From an epistemological position, I am of the opinion that my subjective perceptions of those schools under study will permit me, as the researcher, to supply an exhaustive overview of the SMTs’ personal encounters in their teachers’ CPD. In view of this assertion, literature has proposed that members of the SMTs’ extensive instructional leadership enactment, to be a viable instrument in assisting teachers to grow increasingly confident, innovative and conscious of performing exceptionally well in the classroom so that their learners become the recipients of their talents (Yu, 2009).

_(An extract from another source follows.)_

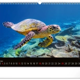 Úvodná stránka kalendára vás zavedie pod hladinu k nádhernej morskej korytnačke preplávajúcej cez koralové útesy. Táto fotografia je dôkazom dokonalosti oceánskeho sveta.

Together with this, school leader’s inter-subjective, philosophical views and attached meanings to their actions in their interactions with teachers, their peers and learners under their care (Creswell (2014), would form part of this inquiry.
Taking into consideration the argument that premium, worthy and well-executed PD enterprises serve as a foundation for schools’ instructional change (Blasé, et al., 2010), this chapter will now focus on three areas, being the conceptualisation of instructional leadership, the enactment of instructional leaders in the professional development of teachers, and the impact of instructional leadership on learner achievement leading to school improvement.